During that time the patient would be given small electric shocks to stimulate their spinal cord and strengthen the connections between their head and new body. As the patient is brought out of their medically-induced coma, it is hoped they would be able to move, feel their face, and even speak with the same voice.
Powerful immunosuppressant drugs would be prescribed to stop the new body from being rejected. In addition, the patient would require intensive psychological support.
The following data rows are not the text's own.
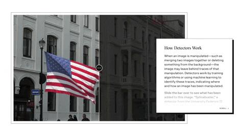 这款照片打假神器名为 Assembler,具有 7 个检测器(detectors),其中 5 个由美国和意大利的大学研究团队开发,分别负责检测经不同类型的技术处理过的照片,例如合成、擦除等,这些操作都可能留下蛛丝马迹,学习过大量案例的计算机程序可以在分析图像后标记出它认为的更改痕迹,如颜色模式异常、已经复制和粘贴多次的区域以及是否图像使用了多个摄像头模型来创建等。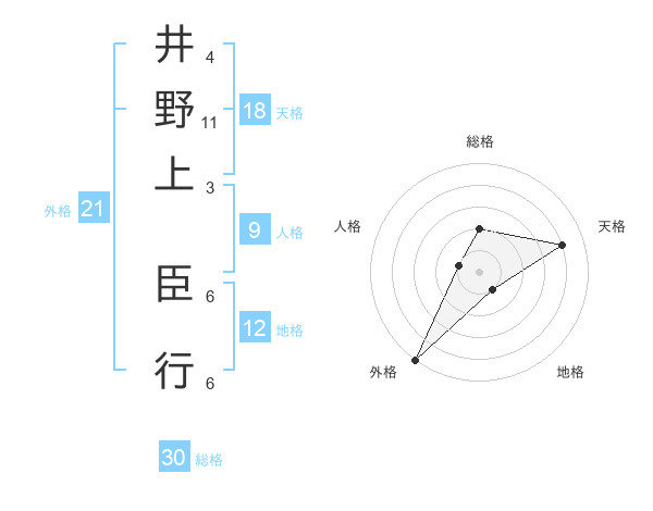 井野上 臣行さんを姓名の画数から五運を鑑定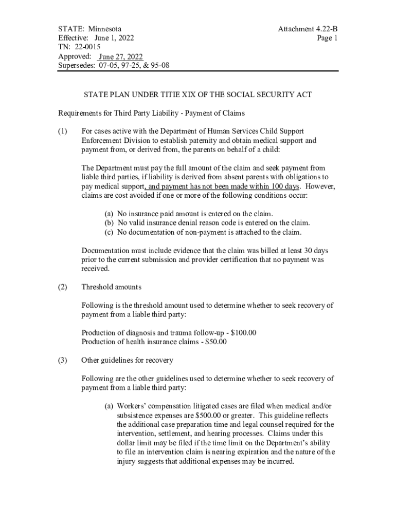 STATE: Minnesota Effective: June 1, 2022, TN: 220015 Approved: ___ June 27, 2022, Supersedes: 0705, 9725, & 9508Attachment 4.22B Page 1STATE PLAN UNDER TITLE XIX OF THE SOCIAL SECURITY ACT Requirements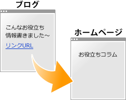 ホームページで書いた、お役立ちコラムを紹介する内容をブログに書き、ホームページへリンクさせるようにするといいですね!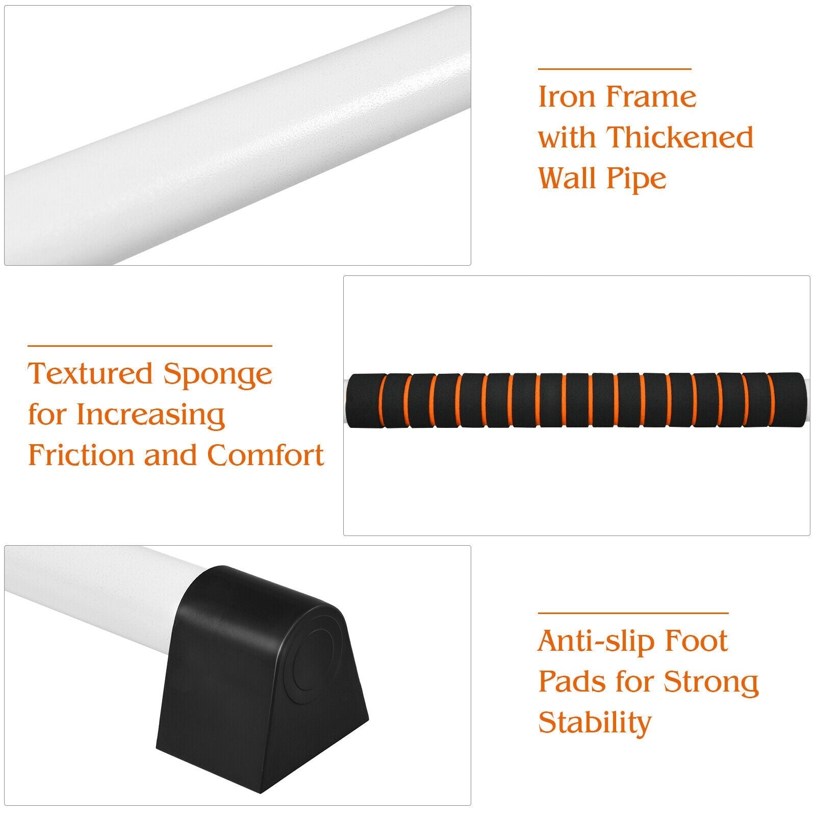 This dance barre is made of anti-rust iron pipes with 4 anti-slip footpads which are stable to ensure safety while dancing or stretching. And the dance bar has two height-adjustable rails that you only need to turn the knob to adjust to a suitable height. In addition its assembly and disassembly are very easy which is convenient for you to carry to different places such as home dancing studio and school etc. If you are looking for a product like that do not hesitate to buy it! 2 adjustable bars meet people of different heights 6 fasteners for easily adjust the suitable height 4 anti-slip foot pads ensure strong stability for different workouts Holds up to 220 lbs with sturdy and anti-rust iron frame High-density sponge for maximum comfort while using Allows you to store it with ease thanks to its base rotation system Painted with premium rustproof lacquer no smell and no harm to body or environment Provide an ultra-comfortable surface that can prevent from slipping off Suitable for home dancing studio and school etc Convenient to disassemble for easy carrying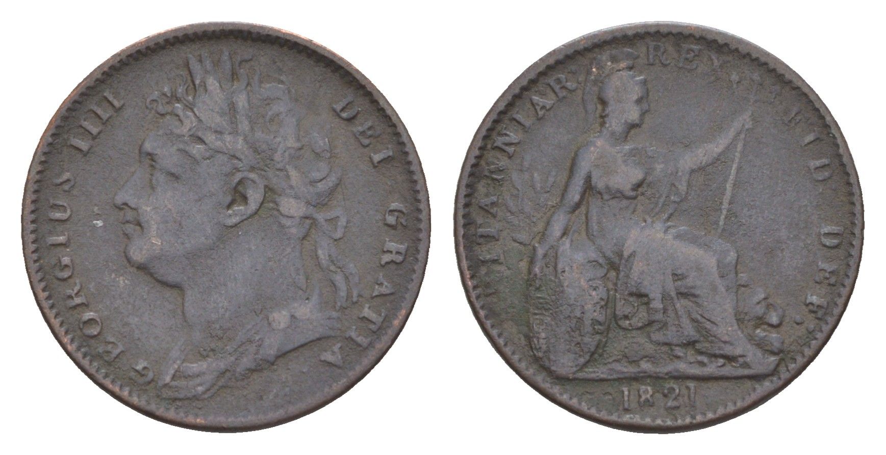 Великобритания 1 фартинг 1821 Георг IV (1820-1830) KM 677, Spink 3822 бронза 4658-865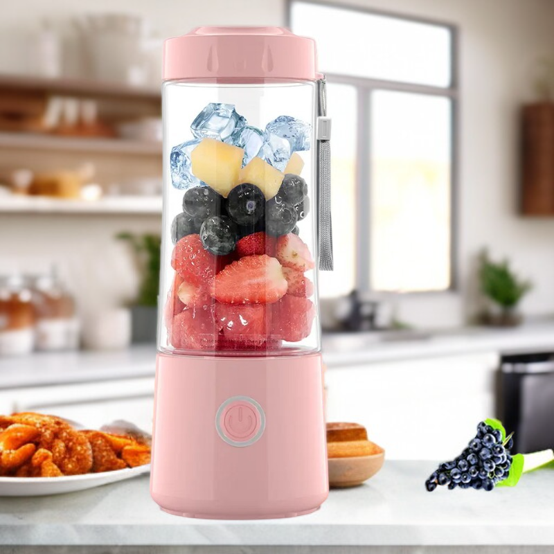 携帯型ジューサー 350ml 電動ブレンダー スムージー・シェイク対応 ミニサイズ 4枚刃(ピンク/グリーン)

‘I lost my father in a car crash 16 years ago,’ he told MailOnline. ‘He was a military man, a lieutenant colonel. So I had to start supporting the family at an early age. ‘My mother is a child psychologist in a rehabilitation centre for children who got into difficult situations. ‘I graduated from the Faculty of Information Technologies of Vladimir State University. I have a very active social life and I’m the head of a committee that deals with social policies for families and youth.’
He added: ‘I don’t do this because I don’t have a life but I think that science is developed by those who are ready to take risks and devote themselves to it.’
Mr Spiridonov has never discussed the possibility of failure with Dr Canavero. He told MailOnline: ‘It was about me just offering myself as ready to undergo it. Of course, the professor considers the chances to succeed are quite high otherwise he wouldn’t try it.’ He says there is no ethical difference between transplanting a head on to a healthy body and replacing a damaged organ with a healthy one, which is now considered routine.
Donors could include victims of road traffic accidents or even prisoners sentenced to death, he says.
He told MailOnline: ‘I consider it to be as ethical as the transplant of the heart or kidneys. At some point of time this was considered to be unethical as well. ‘There was much talk about where the human soul is located, and if it’s ethical to do the heart transplants, but now doctors do it and save people’s lives.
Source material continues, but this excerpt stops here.